# Chili Macaroni?



## Mylegsbig (Feb 24, 2006)

Hey guys i'd like to make some Chili Macaroni, hamburger helper style stuff, but i want to make it with home made real ingredients.

Basically i want to simmer a pot of some chili up for a while(no idea how to make it) and then pour it over cooked macaroni noodles and throw on heaps of sharp cheddar cheese.

Any ideas or recipes?

Thanks!  BTW - i like it Spicy!


----------



## grumblebee (Feb 25, 2006)

So do you just want a really good chili recipe? I have loads of recipes, but they are all for veggie chilis because I don't eat beef - but they are HOT HOT HOT because I too like things spicy. 

Let me know if you are interested...


----------



## auntdot (Feb 25, 2006)

That is the recipe, at least the way I cook. Rarely use a recipe unless it is a recipe or cuisine I am totally unfamilair with.

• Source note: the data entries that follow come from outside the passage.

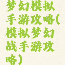 梦幻模拟手游攻略(模拟梦幻战手游攻略)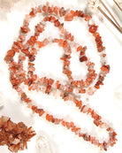 Handmade in India, this beautiful necklace is made from chipped pieces of carnelian and hangs 32” long. A gorgeous piece to wear or wrap around as a bracelet.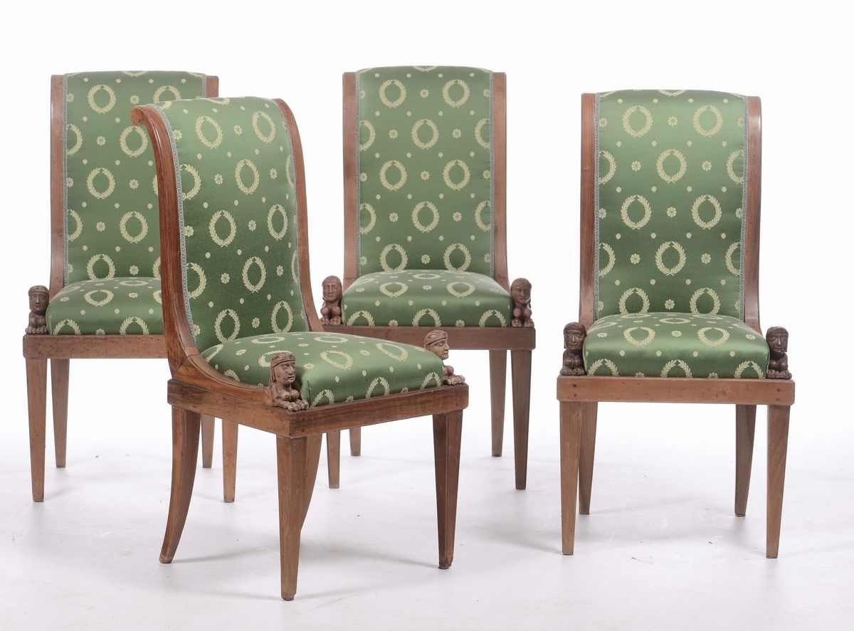 Quattro sedie in noce, XIX secolo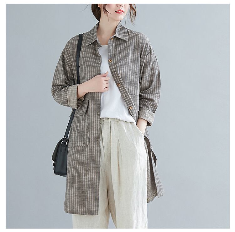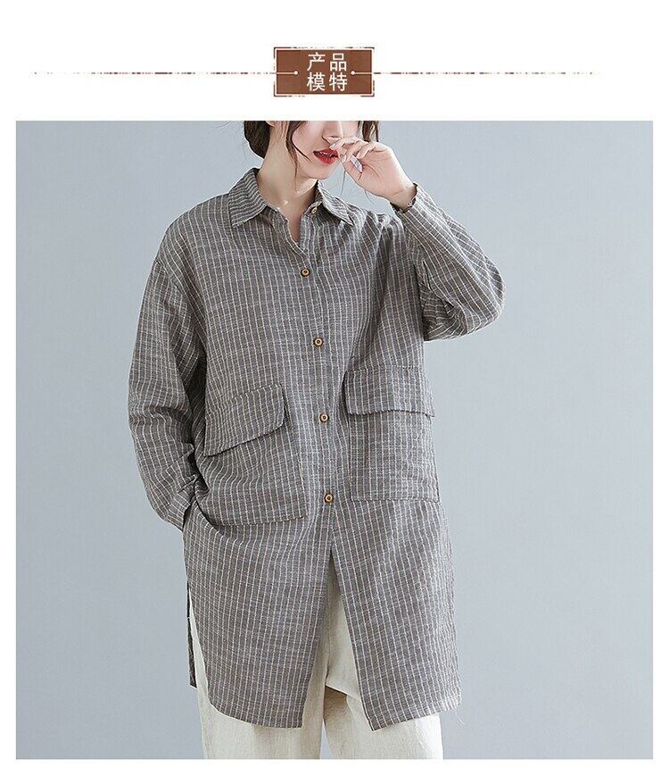 送料無料୨♥୧ プラスサイズスプリングオータムレディースロングブラウス 断るカラーストライプルーズヴィンテージコットンシャツ AOS78087275916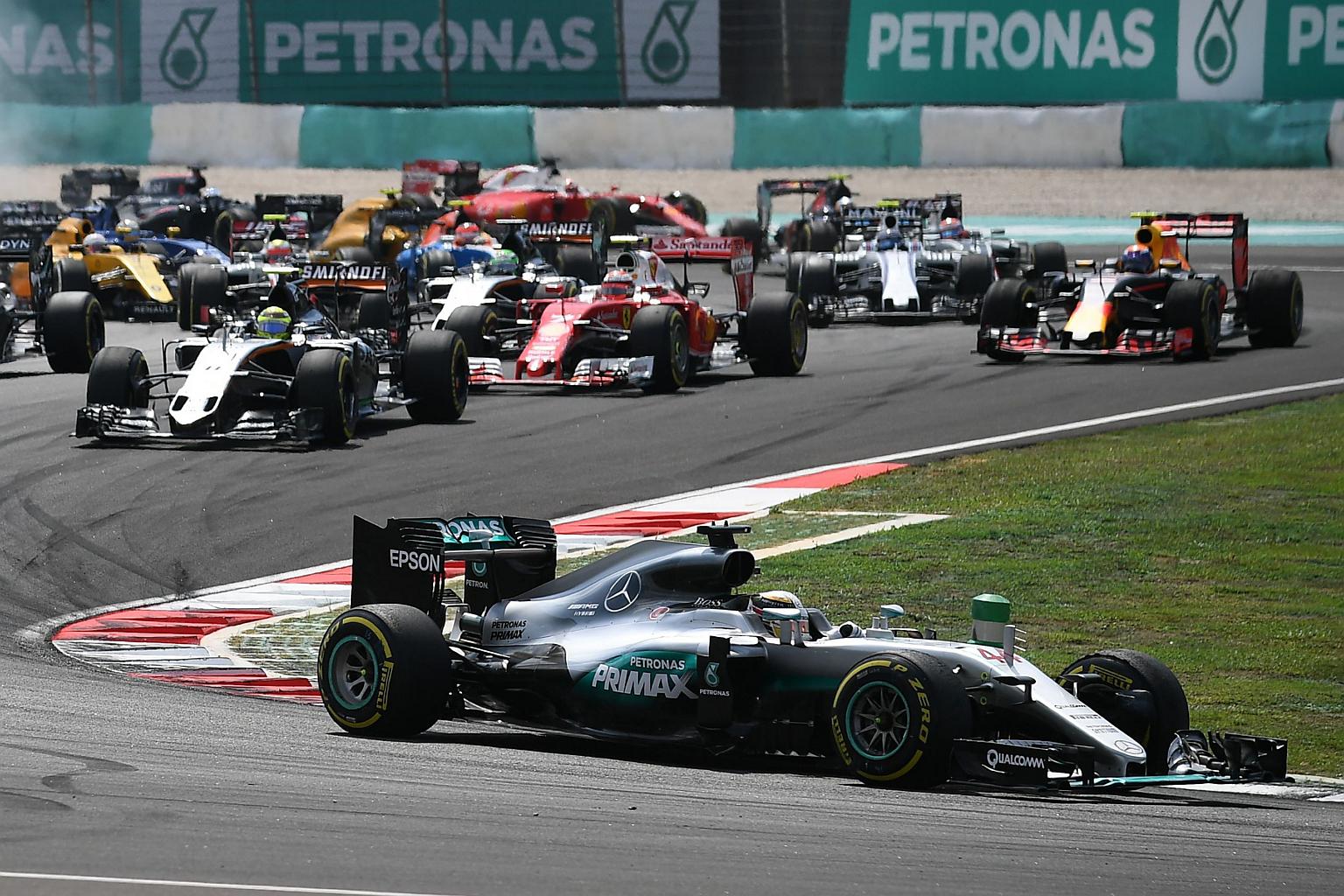 Lewis Hamilton leading the race pack at the start of the Formula One Malaysian Grand Prix in Sepang on Oct 2, 2016.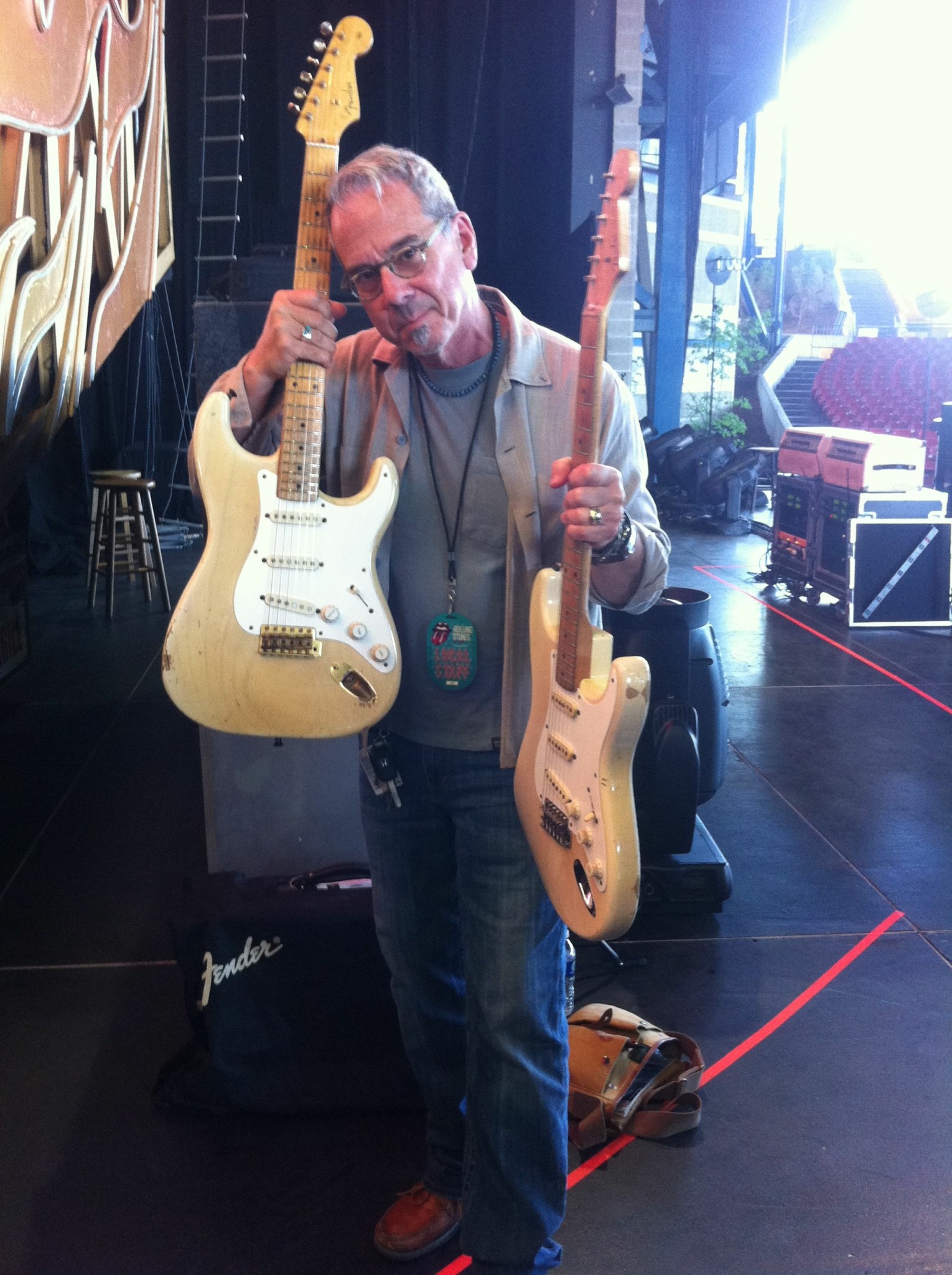 Nate back stage with Rolling Stones 2 of Ronnie Woods guitars

Simplest way is to take some canned chili, toss it over your cooked elbows (or you could use other pasta like spaghetti) and then toss on the cheese (can use other than cheddar but that will work just fine).

When we get back from a trip, or are just too tired to cook, can put it together in 15 minutes (the pasta has to cook).  And where we live there are no pizza places that deliver.

Can always add some diced tomatoes and onions to make it a bit tastier.

Or put a fried egg on top, 

As far as hot sauce goes, that is up to you. 

We have lots of different kinds of the stuff, and go through it like crazy.

Would suggest you use a tasty one, not just one to give you heat.

Just some ideas.


----------



## Mylegsbig (Feb 25, 2006)

looking for beef chili recipe actually Grumble.

Auntdot, thank you, but looking for something home made and slow cooked with alot of love and fresh ingredients


----------



## purrfectlydevine (Feb 25, 2006)

I would start with a chili recipe you like and add extra tomatoes with their liquid, and increase the seasonings, spices etc. to compensate for the macaroni you will add when it is all but done.  Write down wha tyou did so you can remember so you can adjust the recipe if it wasn't exactly what you wanted.


----------



## Dakota Rose (Feb 25, 2006)

*Chili-Mac*

New, here, but I'll take a shot. First my go-to Chili recipe: 

3 lbs. chili meat (I use a combo of thicker ground chuck and plain old hamburger)
3 large onions, chopped
4 cloves garlic, minced
1 TBSP oregano
1 TBSP cumin
1 TBSP black pepper. Less, if you can't take heat.
1/4 cup chili powder (may want to add more) 
1 can or bottle of beer (Amber Bock Lager is usually what I've got on hand)
1 six-ounce can tomato paste
1 and 1/2 cups beef broth 
Sugar @ 1 TBSP (may want to add more)
In a heavy pot or Dutch oven, brown meat and onion in oil. Add remaining ingredients. Simmer, uncovered, 1-2 hours. Stir occasionally. May have to add water as this reduces. Correct/adjust seasonings. Serve with saltines, chopped raw onion, grated sharp cheddar. 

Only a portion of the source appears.